А меренги какие дивные были, пальчики оближешь! Даже Ральф себе лапу облизал – правда! Дома у нас мой черномазик за чаем всегда на отдельном стуле около меня восседает, ну, и тут затребовал, не успокоился, пока его к столу не пододвинули. Ем я, а он умильно так на крем смотрит, голову скривил, глаза скосил, почмокивает и облизывается, а передними лапами на стуле перебирает и даже немного подвизгивает от нетерпения. Он в этом отношении совсем в меня: крем, шоколад и ореховую халву обожает. Ну, как отказать? Дала ему большой кусок с кремом, да он, дурень, половину себе на лапу и уронил. Ничего, чистенько потом вылизал.
Попили мы, поели, поболтали да в половине десятого уже и дома были.
В воскресенье я утром раненько уроки выучила, потому что днем должны были прийти Люба и Володя, а он нас снять обещал, – до сих пор все еще не приходилось.
Прилетел, как всегда, веселый, сияющий, только около левого глаза здоровеннейший синяк, или скорее даже «желтяк», с лиловыми разводами, – последний крик моды такое сочетание цветов, как он уверяет.
– Это, – говорю, – кто ж тебя так благословил?
– Пострадал, Мурка, невинно пострадал из-за хлеба насущного, во время избиения младенцев.
– Что еще за избиение?
– А, видишь ли, у нас такой устав военный существует, чтобы новичкам, значит, горбушек и не нюхать, – это, мол, только для старослужащих.
– Что ты там еще врешь?
– Ел боб, не вру!
– Что это за «ел боб» такой?
– А это, видишь ли, потому, что божиться грешно. Нельзя, говорят, Бога всуе поминать. Ну, а «ел боб» сказать – какой же грех? А все равно клятва: соврать, значит, не моги.
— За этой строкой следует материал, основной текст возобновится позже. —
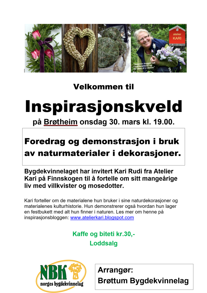 Foredrag og demonstrasjon i bruk av naturmaterialer i dekorasjoner.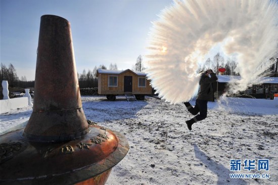 第五屆中國冷極節(jié)開幕 12月24日,在位于內蒙古呼倫貝爾市的根河林業(yè)局517工隊,一名男子嘗試“潑水成冰”。當日,第五屆中國冷極節(jié)在內蒙古自治區(qū)根河市開幕。根河市素稱“中國冷極”,當地利用冰雪資源,并結合獨特的鄂溫克民族風情,打造冬季旅游項目,為游客帶來不一樣的冰雪體驗。新華社記者李任滋攝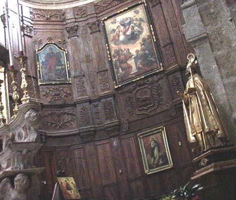 | Sur le registre inférieur : - toile de la Vierge à l'Enfant vénerée par Saint Martin et le Carme Saint Simon Stock recevant le scapulaire de Notre-Dame du Mont Carmel. - toile de I' Assomption. - toile de Saint Eloi en compagnie de Saint Pons de Cimiez et de Sainte Agathe. Sur le registre supérieur : - grande toile (XVIIIe siècle) : les pélerins d'Emmaüs. - grande toile (XVIIIe siècle) : Assomption de la Vierge entre deux tableaux figurant Martin (cavalier romain) et Martin (évêque). - grande toile : le sacrifice d' Abraham |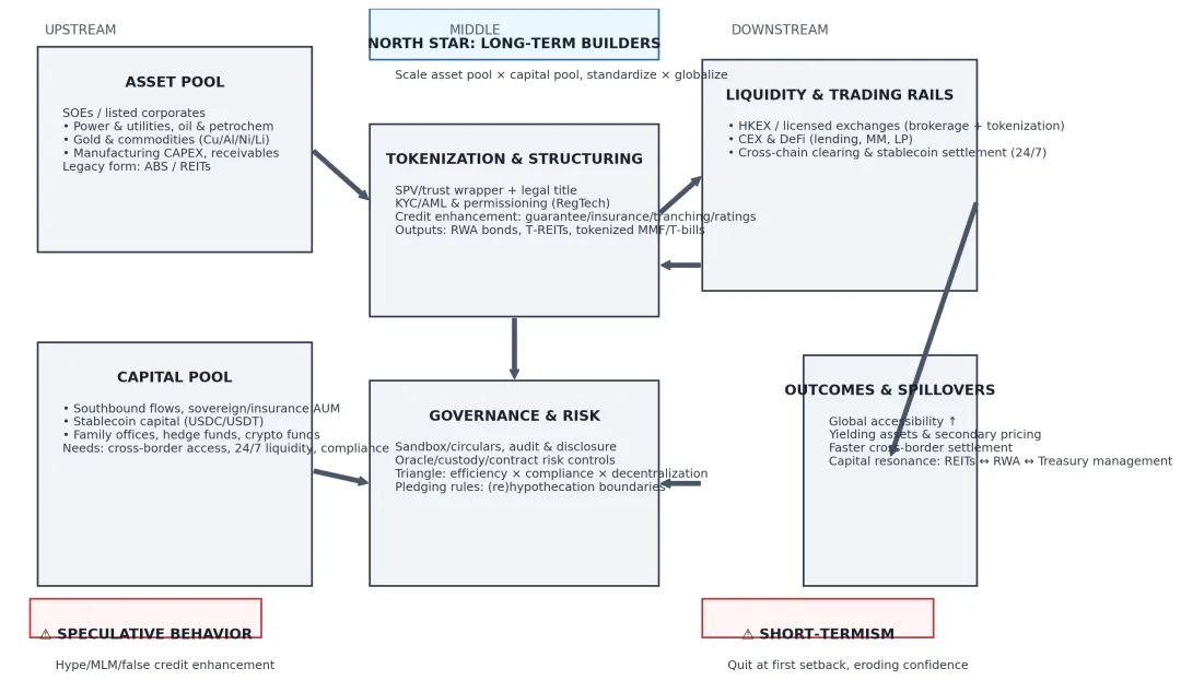 然而,香港需要进一步理清内地与香港的合规边界,以确保 RWA 市场能够在稳健的法规下健康发展,同时,吸引央国企等大规模资产入场,才能确保市场的长期发展动力。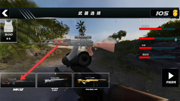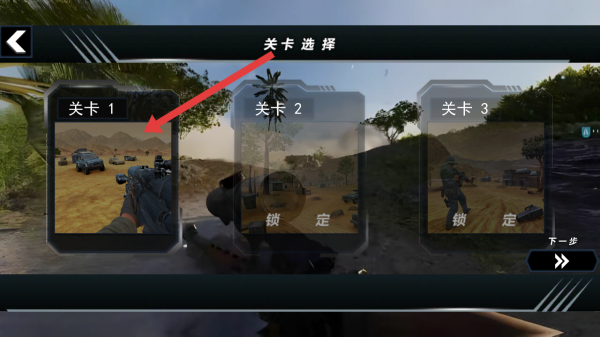 1、進入游戲,可武器選擇界面挑選槍械,選好后進入關(guān)卡選擇,點擊關(guān)卡1就能開啟對應(yīng)的戰(zhàn)斗任務(wù)。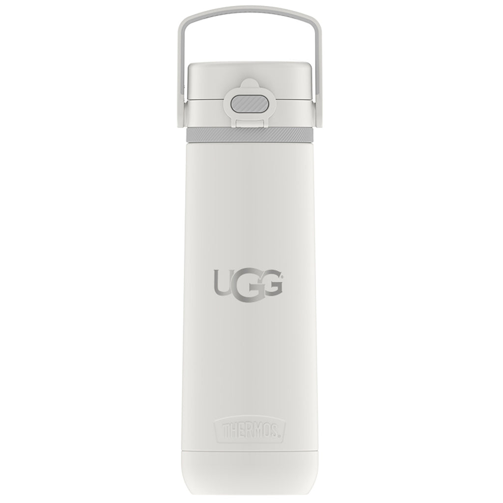A Thermos White 16 oz. Guardian Collection Stainless Steel Direct Drink Bottle is ready for adventure with a custom logo. The stainless steel interior and exterior mean drinks stay hot for 10 hours or cold for up to 24 hours in this vacuum insulated bottle. The drink bottle is equipped with a smooth flow lid with locking cap and carry handle which makes it perfect for your outdoor adventure or morning commute. Add a company logo to use as a customer giveaway or to draw in potential customers at a trade show. Place your order today, these are too perfect to pass up.The minimum order for this product is 12 pieces. Must be ordered in increments of 12.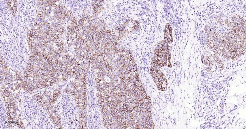 Immunohistochemical analysis of paraffin embedded Human breast cancer tissue slide using IHC0567 (delta Catenin Kit).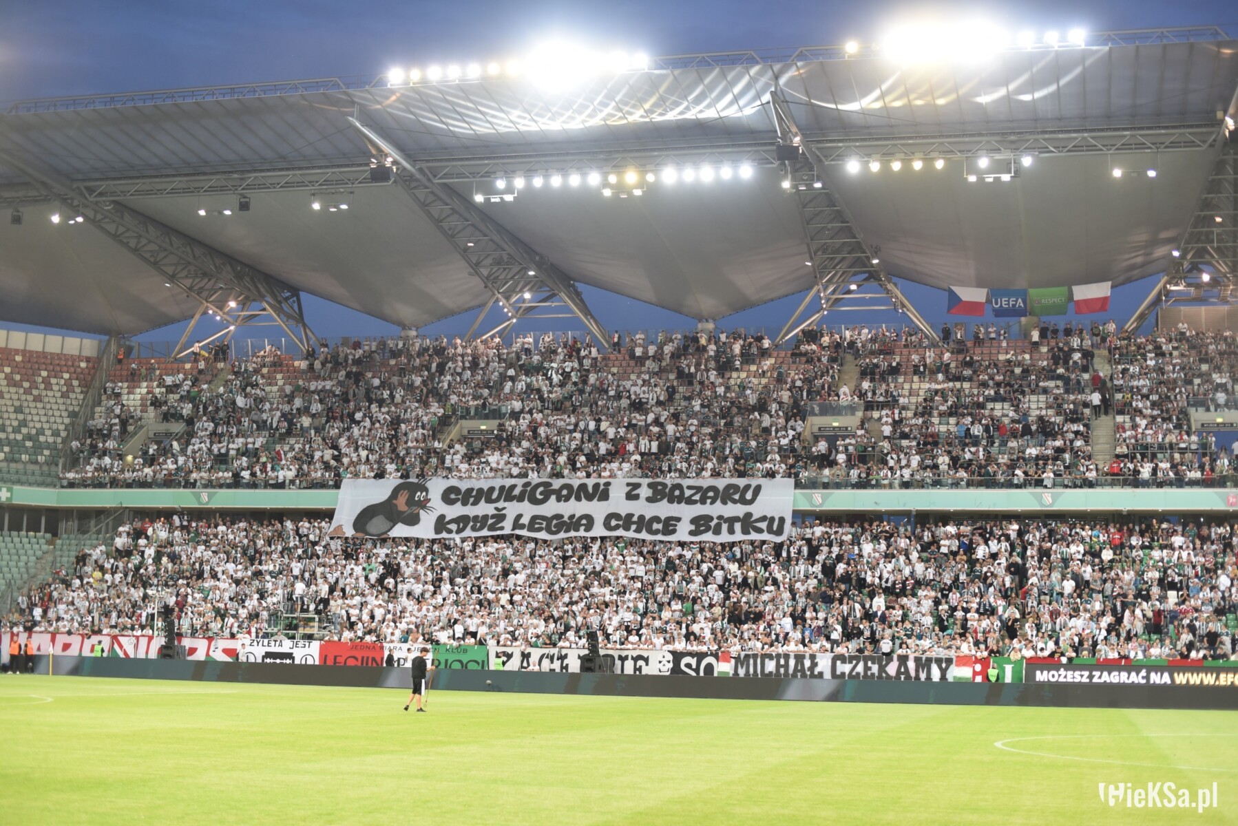 Chwilę później – z racji potyczki w europejskich pucharach – odśpiewaliśmy hymn narodowy. W jego trakcie stało się jednak coś, co zjeżyło nam włosy na głowie – sędzia przyznał Czechom rzut karny, który zweryfikował jeszcze za pomocą VAR. Nie mogło być inaczej – najpierw głośno okazywaliśmy wsparcie Kacprowi Tobiaszowi, a następnie porcją przenikliwych gwizdów próbowaliśmy rozproszyć piłkarza Baníka. Nasze ogłuszające buczenie musiało tak wystraszyć biednego grajka, że ten… nie trafił do bramki. „Taki ch**!” – darliśmy się w kierunku sektora gości.

– Ну, ладно, а синяк-то все-таки откуда?
– Говорю, невинно пострадал. Прихожу вчера в столовую, а на моем приборе горбушка лежит, пузыристая такая, как губка, не от нижней корки – та все одно что подметка, – а верхняя (Володя даже при одном воспоминании облизнулся). И ведь знаю, придут «старики», отымут. Я ее живо цап – да в карман, только откусил, сколько в рот влезло. Не успел еще и разжевать толком, как уж вся гурьба и нахлынула. Они как придут, сейчас первым долгом розыск горбушек. И тут то же самое: «Красногорский, а твой хлеб где?» – кричит самый наш верзила и горлан Дубов. Я и ответить не успел, а он: «А жуешь что? А? Краюхи утаивать? Старших обжуливать? Эй, братцы, вытряхнуть из него горбушку!»
– И вытряхнули?
– Вытряхнули, да еще как! Вот и орденом сим за отличие снабдили, – докончил он, показывая на «последний крик моды».
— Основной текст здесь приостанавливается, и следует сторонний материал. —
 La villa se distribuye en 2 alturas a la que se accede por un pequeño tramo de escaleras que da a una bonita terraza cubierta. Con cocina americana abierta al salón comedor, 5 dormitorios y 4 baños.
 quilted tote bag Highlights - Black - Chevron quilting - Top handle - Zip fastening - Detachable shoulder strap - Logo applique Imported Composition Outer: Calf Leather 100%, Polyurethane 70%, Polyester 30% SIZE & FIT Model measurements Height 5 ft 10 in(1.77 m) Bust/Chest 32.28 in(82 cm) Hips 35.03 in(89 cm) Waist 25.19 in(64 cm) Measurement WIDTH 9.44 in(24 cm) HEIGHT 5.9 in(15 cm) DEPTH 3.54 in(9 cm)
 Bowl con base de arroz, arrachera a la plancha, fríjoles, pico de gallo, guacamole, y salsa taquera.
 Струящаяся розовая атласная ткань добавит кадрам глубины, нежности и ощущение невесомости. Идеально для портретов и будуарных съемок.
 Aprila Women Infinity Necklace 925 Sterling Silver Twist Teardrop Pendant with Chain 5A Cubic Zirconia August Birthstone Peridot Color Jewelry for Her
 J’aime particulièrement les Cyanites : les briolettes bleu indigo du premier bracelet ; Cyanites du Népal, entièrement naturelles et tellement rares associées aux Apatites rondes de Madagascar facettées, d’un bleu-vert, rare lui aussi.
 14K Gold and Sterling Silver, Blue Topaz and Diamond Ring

Весело там у них! Я бы всегда битая ходила, потому горбушки, да еще такие пузыристые, до смерти люблю.
В ожидании Любы мы пошли в мою комнату, то есть Володя пошел, а меня мамочка позвала примерять платье, которое портниха принесла.
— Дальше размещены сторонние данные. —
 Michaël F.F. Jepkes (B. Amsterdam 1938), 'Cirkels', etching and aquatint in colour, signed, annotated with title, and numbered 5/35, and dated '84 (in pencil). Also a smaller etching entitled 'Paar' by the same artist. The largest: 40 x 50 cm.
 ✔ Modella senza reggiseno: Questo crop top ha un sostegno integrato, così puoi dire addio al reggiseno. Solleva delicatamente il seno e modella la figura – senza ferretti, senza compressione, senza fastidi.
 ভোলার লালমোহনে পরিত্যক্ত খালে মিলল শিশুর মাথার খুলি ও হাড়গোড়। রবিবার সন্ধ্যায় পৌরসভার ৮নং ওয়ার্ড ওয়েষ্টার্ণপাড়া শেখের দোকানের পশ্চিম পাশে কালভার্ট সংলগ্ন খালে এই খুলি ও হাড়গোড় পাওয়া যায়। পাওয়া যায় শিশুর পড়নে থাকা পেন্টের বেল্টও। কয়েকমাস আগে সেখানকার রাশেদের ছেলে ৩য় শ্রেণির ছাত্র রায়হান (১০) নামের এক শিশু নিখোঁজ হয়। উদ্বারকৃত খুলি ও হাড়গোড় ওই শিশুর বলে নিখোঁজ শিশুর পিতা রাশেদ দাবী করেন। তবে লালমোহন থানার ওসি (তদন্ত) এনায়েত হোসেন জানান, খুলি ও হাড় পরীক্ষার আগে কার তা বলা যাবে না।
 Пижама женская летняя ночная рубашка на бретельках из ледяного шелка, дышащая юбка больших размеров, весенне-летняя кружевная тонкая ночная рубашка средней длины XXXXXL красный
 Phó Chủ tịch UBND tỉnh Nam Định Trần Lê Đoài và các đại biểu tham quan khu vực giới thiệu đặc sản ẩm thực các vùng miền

Возвращаюсь, смотрю: Володя что-то кончает писать и с шиком расчеркивается. О ужас! Альбом-то Ермолаевой, она дала мне, чтобы я ей что-нибудь на память написала!
– Ты что там царапаешь?
– Да уж очень чувствительные все вещи у этой девицы понаписаны, вот например:
Ручей два древа разделяет,
Но ветви их, сплетясь, растут,
Судьба (ах!!.) два сердца (ох!..) разлучает,
Но мысли их в одном живут…
От горячо любящей тебя подруги Муси Старобелъской.
Володя расхохотался:
– Душедрательно!.. Сногсшибательно! Ел боб, я умилен!.. Мурка, Мурка, неужто ты ничего еще глупее не выдумала?
Вот противный, вот бездушный, смеет смеяться над такими дивными стихами!
Я ему отвечаю одним только словом:
– Дурак!
– Рад стараться, ваше превосходительство!
Даже не рассердился, урод!
– Знаешь, Муська, я так тронут, так умилен, что не мог воздержаться и в порыве восторга тоже написал сей неведомой девице разумный совет, как быть счастливой, слушай:
Когда хочешь быть счастлив,
Тогда кушай чернослив,
И от этого в желудке
Разведутся незабудки.
Писал
Ой-ой-ой
Как избитый герой.
Тмутаракань. 31 февраля 1914 года.
И прибавил:
– Небось, пишете, пишете, а нет чтобы разумный, истинно дружеский совет подруге дать. Коли она этим недовольна будет, уж не знаю, чем ей и угодить.
Вот противный мальчишка! Вот чучело! Но надо ему отдать справедливость, смешное чучело.
Я злюсь, но начинаю хохотать, а за моей спиной тоже кто-то заливается-хохочет. Это Люба незаметно вошла – мы за своими литературными разговорами и звонка не слышали.
– А! – воскликнул Володя, низко раскланиваясь. – Честь имею кланяться.
– Здравствуйте, – говорит Люба.
– А осмелюсь спросить о дражайшем здравии и благоденствии мадемуазель Армяш-де-Терракот? – продолжает он балаганить.
– Здорова и вам кланяется, – отвечает Люба.
– Тронут… двинут… могу сказать, опрокинут, – и, перекувырнувшись ногами кверху, Володя падает на пол.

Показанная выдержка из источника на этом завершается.